Tuesday, November 20, 2007

Will Sarko beat the unions?

In the heart of Old Europe, an event of historic proportions. French President Nicolas Sarkozy is attempting to face down the unions that have held French democracy hostage for over a century. Shortly after coming to power this past Summer, Sarkozy made it clear he would have to break union power in order to reform France. Now the transit workers are striking France, costing the country roughly $500 million a day. According to the International Herald Tribune, these are the facts:

Sarkozy: "We will not surrender and we will not retreat. France needs reforms to meet the challenges imposed on it by the world.” Sarkozy warned that the walkout must halt before it brought "the economy to its knees," and he cited the millions of French people who "are exasperated by being held hostage. . . You have to think of all those who have to go to work."

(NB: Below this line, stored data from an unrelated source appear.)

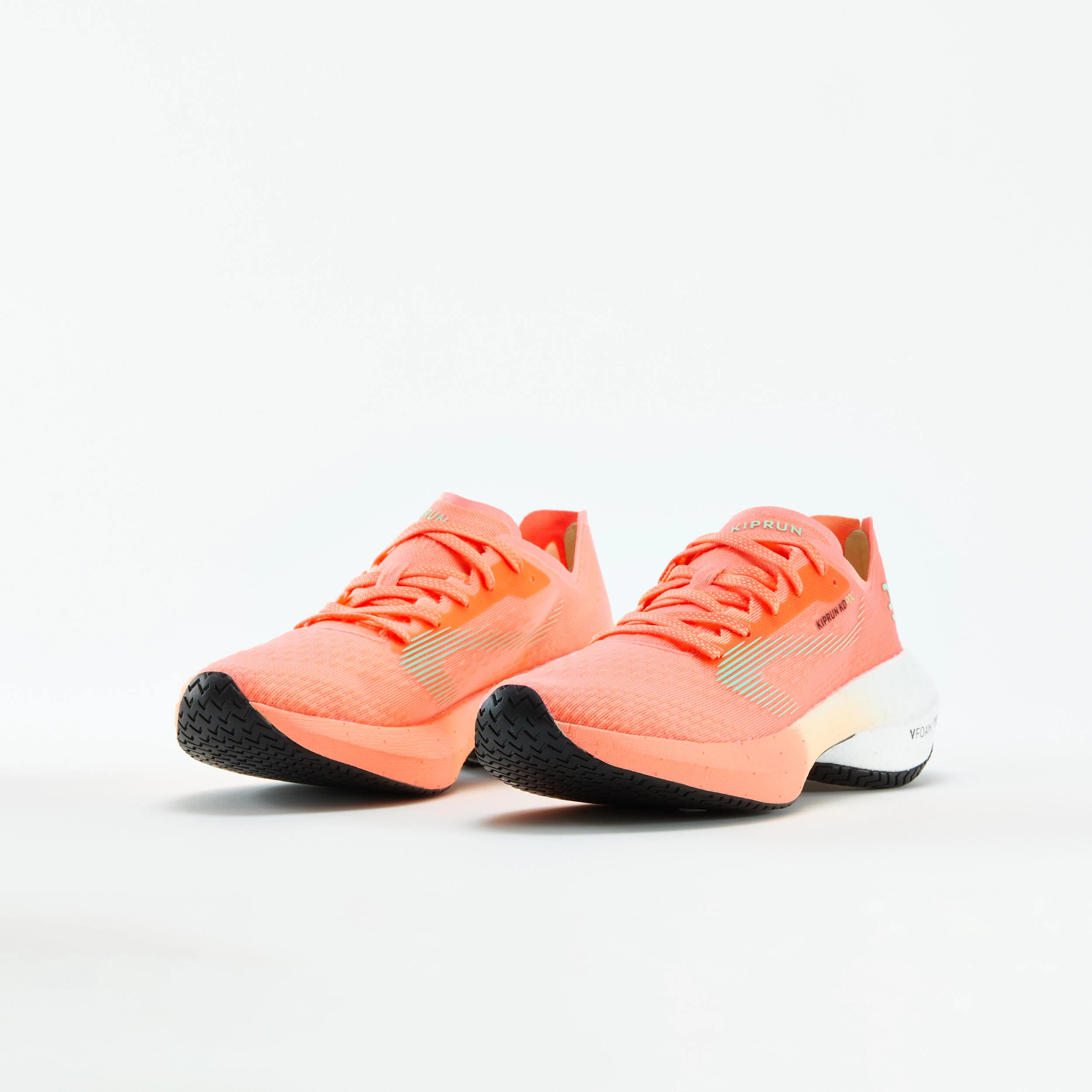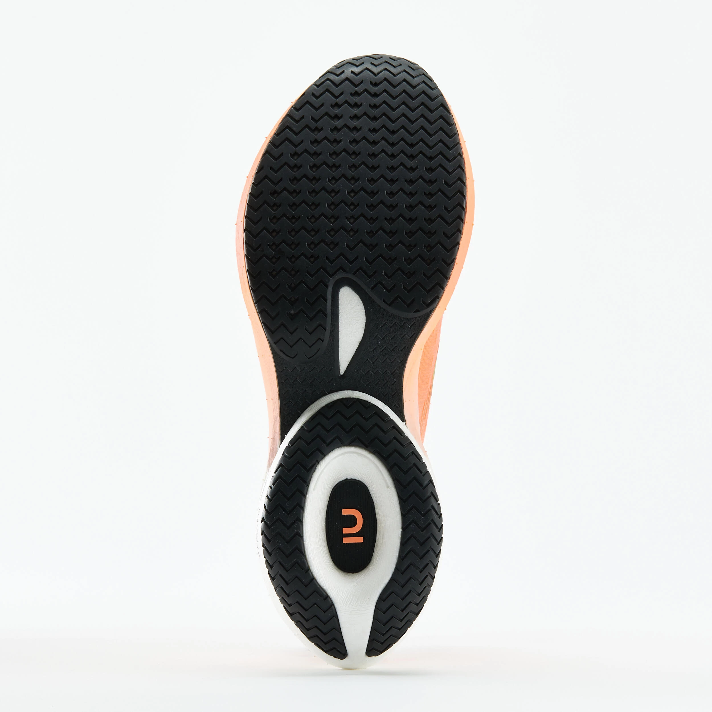 Our teams developed these dynamic, shock-absorbing and lightweight women’s running shoes for runners seeking propulsion with every stride (from 10 to 42km)With their low weight, Pebax® foam and geometrical shape, the KIPRUN KD900 offer ultra-reactive cushioning and are perfect for both training (interval/long sessions) and competitions.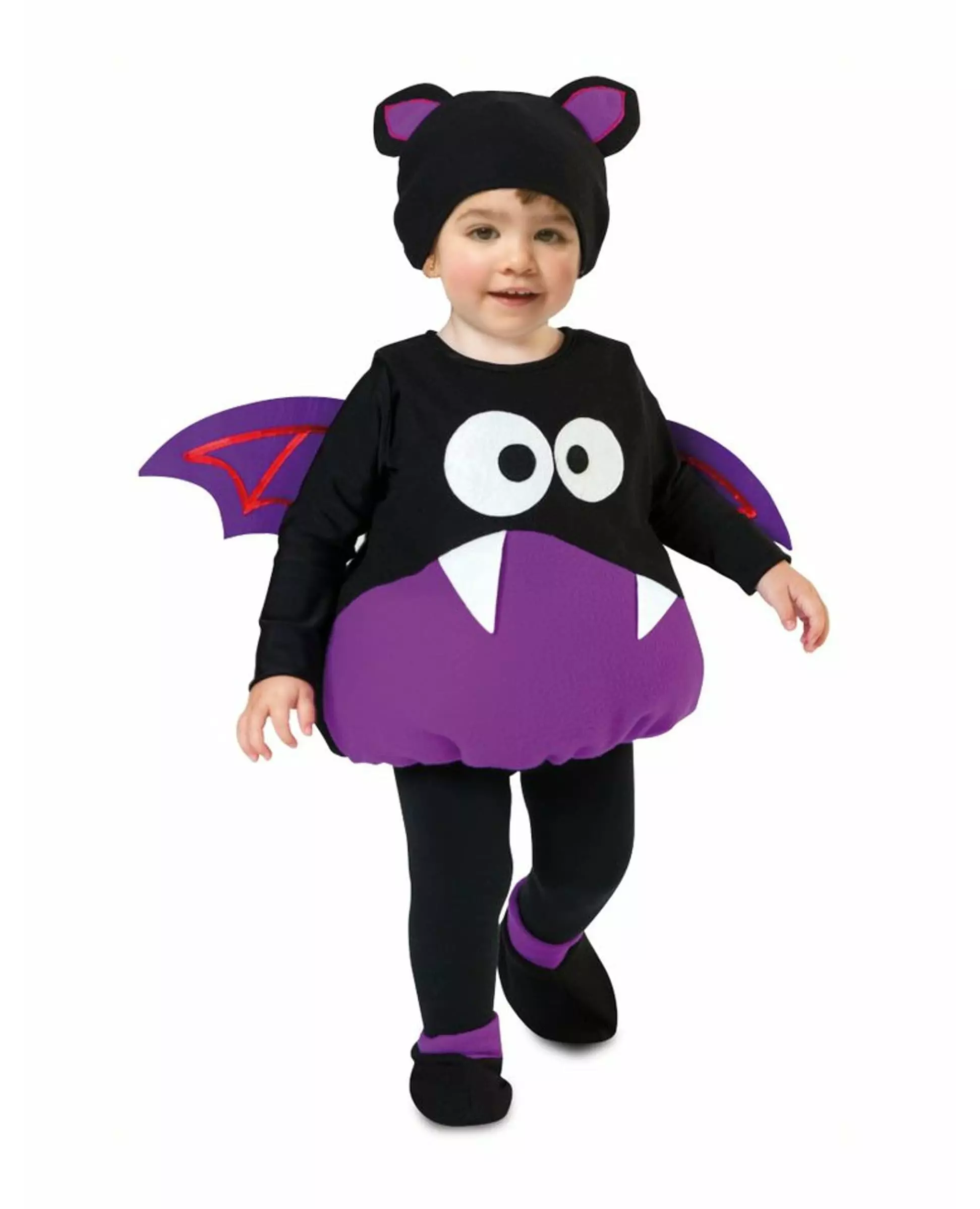 Make your child the cutest bat ever! This children's bat costume includes a jumpsuit, a hat, and slippers. The jumpsuit is black and purple. It features two teeth and eyes. It falls onto the lower part of the costume, which is also black. The slippers are the same color with purple cuffs. Wings are sewn onto the back of this jumpsuit. We have the black hat with purple and black ears that will add a cute touch to your child's costume. This costume will make your child the cutest bat at a fancy dress event. and for Halloween too. Accessories included: Jumpsuit, Hat, Slippers, Material: 100% polyester,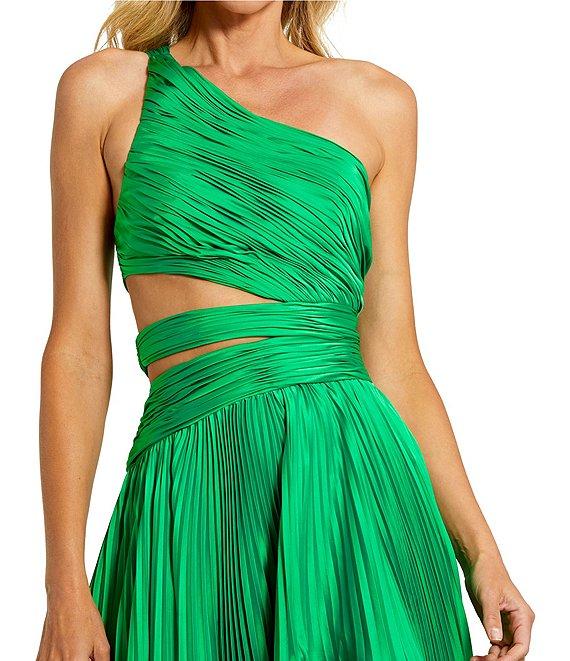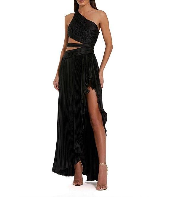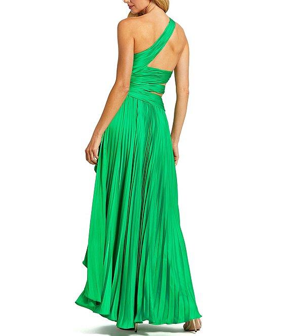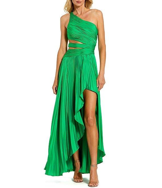 From Mac Duggal, this dress features: Pleated charmeuse fabrication One shoulder neckline Sleeveless Back/side cutout Front slit Side zip closure Approx. 53.5" length Polyester Spot clean Imported.
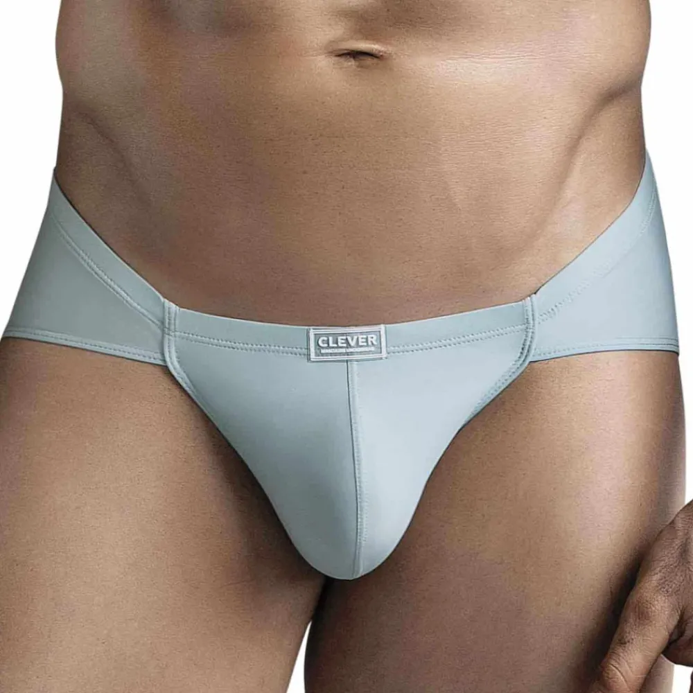 Slip super taille basse en microfibre extensible, douce et légère, de couleur pastel. Poche frontale ergonomique non doublée. Coupe originale très ajustée. Fine ceinture élastique recouverte avec logo Clever en silicone.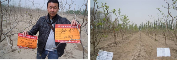 2014年5月,在新疆阿克蘇溫宿紅旗坡杜明超,陸地灰棗園使用國光優豐1000倍+國光稀施美500倍,在萌芽期全株噴施一次,棗樹樹體抗凍能力增強,提前萌芽3—5天,芽壯出芽整齊。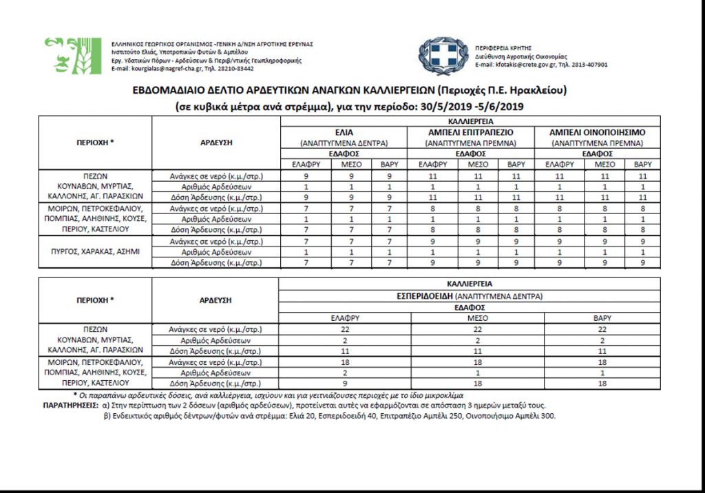 Η Περιφέρεια σε συνεργασία με το Ινστιτούτο Ελιάς Υποτροπικών Φυτών & Αμπέλου του ΕΛΓΟ-Δήμητρα ξεκινώντας από σήμερα θα εκδίδει και φέτος εβδομαδιαία Δελτία Άρδευσης που θα αναφέρονται σε βασικές καλλιέργειες και αντιπροσωπευτικές περιοχές σε όλη την Κρήτη.

The strikers: railroad, subway and bus workers; energy workers and employees at the Paris Opera; air traffic controllers; newspaper printers; primary and high school teachers; firefighters, weather-service employees and staff of the Bank of France. Threatening to go out: Air France pilots.

How it’s going: demonstrators mobilized about 30% of the 2.5 million civil service employees. There were signs train workers were going back to work—fewer than 30% of the workers for the national railroad, SNCF, and the Paris transport network, RATP, were absent Tuesday, compared with 61.5% on last week’s walkout opening day.